Mar14-Starkman-Books
American Dreamers:
How the Left Changed a
Nation

by Michael Kazin
Knopf, 365 pp.

In a new compendious and erudite history of the left, American Dreamers: How the Left Changed a Nation, Georgetown University historian Michael Kazin does not closely examine the Obama presidency, but he suggests that such despair may just be a constituent part of belonging to the left. Even his title signals caution: dreamers seldom make for the most effective political leaders. And Kazin’s is no rosy account of a continual march of progress; rather, it is a careful and nuanced view of the saga of the American left, and one that focuses on the idealistic radicals and progressives from the early nineteenth century down to Barry Commoner and Betty Friedan. For the political junkie as well as those simply curious about the saga of the left, his book is helpfully crammed with numerous informative portraits of famous as well as more neglected figures. (Ever hear of Emma Tenayuca, a young organizer known as “La Pasionaria de Texas” who called for bilingual education and workers’ rights in the 1930s?)

This approach can run the risk of becoming a gauzy PBS-type special, but Kazin is rarely less than incisive. He divides his history in three parts—the first focuses on the abolitionist and feminist movements, the second on the rise of the labor unions and socialism, and the third on communism and the New Left. Throughout, Kazin contends that while the left’s political accomplishments have been sporadic, its cultural impact has been far more pervasive.

The question haunting Kazin’s study is the one first raised by the German scholar Werner Sombart, who famously asked why there was no socialism in America. A conservative, of course, might flip the question around and ask why there should be socialism in America. Either way, America remains something of an outlier—at least compared with its European brethren, where socialism took hold in the nineteenth century. Solid conservatives such as Germany’s Otto von Bismarck regarded a social insurance system as a key element of state building. And in England, Benjamin Disraeli warned about the danger of “two nations,” one rich and one poor.

In America, however, the ambitions of the left, Kazin writes, collided headfirst with the American ethos of individualism. American immigrants and their descendants were not eager to replicate the oppressive states they had sought to flee back in Europe. Except at times of war and emergency, attempts to enhance state authority were, and remain, suspect. Many radicals, writes Kazin, understood that “the promise of individual rights be realized in everyday life and encouraged suspicion of the words and power of all manner of authorities— political, economic, and religious.” Squaring individual rights with the dream of social equality is a conundrum that the left has never been fully able to resolve.
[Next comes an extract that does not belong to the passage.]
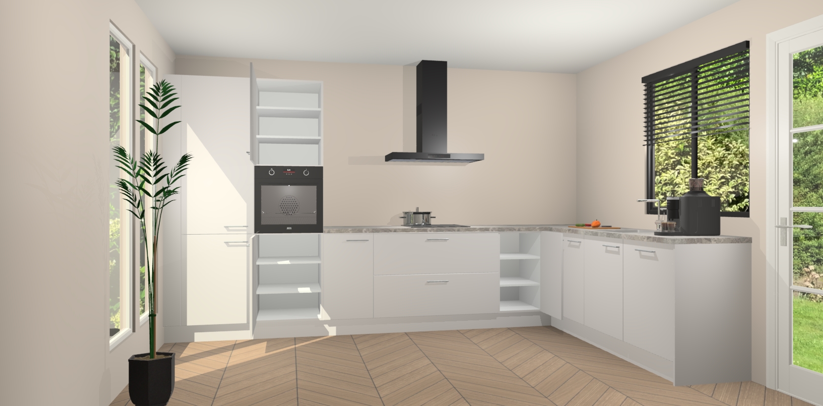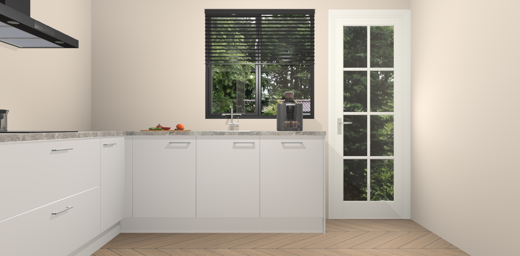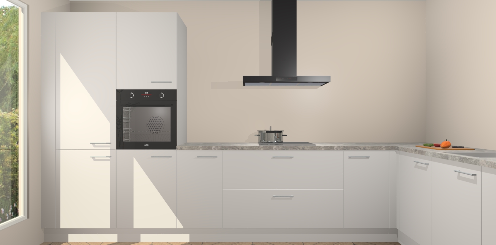 Met een modern, tijdloos design en ruime opslagruimte, zult u zich in no-time thuis voelen in uw nieuwe keuken. Uw leven wordt eenvoudiger met de soft-close deuren die voor het ultieme stille comfort zorgen - geen geluid dat u stoort terwijl u kookt. Ook is de keuken voorzien van 5 ingebouwde apparaten: een oven, inductie kookplaat, afzuigkap, vaatwasser en koelkast. Deze kunnen gemakkelijk na bestelling worden bijgewerkt naar AEG - waardoor uw luxe ervaring compleet is.

As Kazin sees it, the left first emerged in America with the abolitionist movement. Perhaps some historians will quarrel that this is a form of cooptation, of retrospectively endowing the abolitionists with a political coloration they never possessed. But as Kazin emphasizes, the abolitionists—mostly middle-class Protestant radicals—called for both individual rights and broader social justice. They were trying to create nothing less than a new nation. Their aims retain a contemporary ring. Antislavery militants, Kazin writes, tried to lead interracial lives: “Black and white activists wrote for the same publications, spoke from the same platforms, worshipped in the same churches, insisted on eating in the same restaurants and sleeping in the same hotels when on tour, and stayed in one another’s homes.” The pickle, however, was that the “freedom movement,” Kazin continues, “could never break through a stubborn barrier that divided it from a critical section of the emerging white working class”—in particular, from the Irish Catholics, who went on to become mainstays of the Democratic Party. The very same problem continues to assail the Democrats today as they seek to win back the white working-class vote, which the Republicans have successfully wooed away by emphasizing cultural issues.
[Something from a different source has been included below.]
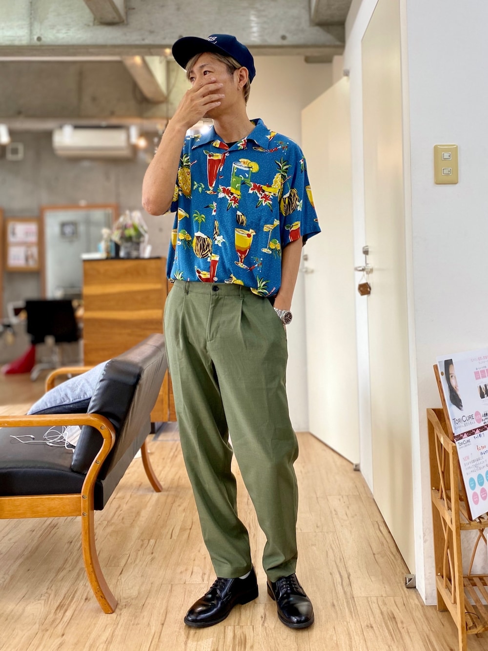 チョキさんのシャツ/ブラウス「CORISCO レーヨン 総柄 オープンシャツ (M1)」を使ったコーディネート

The women’s movement was also coeval with the critique of slavery. Having witnessed the depravities authored by men in attempting to enforce and defend slavery, it probably could not have been otherwise. But the fight was slow going: when New York State gave women the right to vote in 1917, only one woman who had signed the 1848 Seneca Falls Declaration of Sentiments was “still alive to cast a ballot.”

Industrialization and the Gilded Age led to a different kind of left focused on labor. Kazin is particularly insightful on the Progressive Era, during which the left tried to curb the worst abuses of the new industrial magnates. He points to the emergence of three types of socialist movements. The first began among skilled workers in midwestern cities and tenant farmers. The second one was comprised of secular Jewish immigrants. “Jews,” Kazin writes, “are the only American ethnic group with an unbroken history of radicalism, and that tradition began with the rise of the socialist movement at the turn of the twentieth century.” The third was the rise of the modernist left, ensconced in Greenwich Village and a few neighborhoods in Chicago. “Modernist radicals sympathized ardently with the plight of labor and aided strikes by Jews and other recent immigrants from eastern and southern Europe. But their true passion was cultural revolution.”
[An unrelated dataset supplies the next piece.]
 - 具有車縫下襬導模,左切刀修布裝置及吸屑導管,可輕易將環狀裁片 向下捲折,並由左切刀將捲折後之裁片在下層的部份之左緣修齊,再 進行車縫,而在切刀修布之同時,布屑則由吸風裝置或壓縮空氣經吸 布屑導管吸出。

The modernists, suggests Kazin, perhaps achieved success out of all proportion to their actual numbers; birth control, sexual freedom, civil rights for black people, and a new transnational identity meant that they were advancing a “cultural agenda whose appeal would grow in the years to come.”

His affinity for the left notwithstanding, Kazin is clear-eyed about the illusions in which some radicals swaddled themselves. During World War I, for example, they fancied that Washington, D.C., might be ripe for its own Winter Palace coup—a pipe dream not shared by the Bolsheviks themselves. Leon Trotsky, who lived in exile for several months in New York before returning to Russia in May 1917, sneered that the American Socialist Party was a “party of dentists.” A new American Communist Party emerged in 1919, one that battled relentlessly with American socialists.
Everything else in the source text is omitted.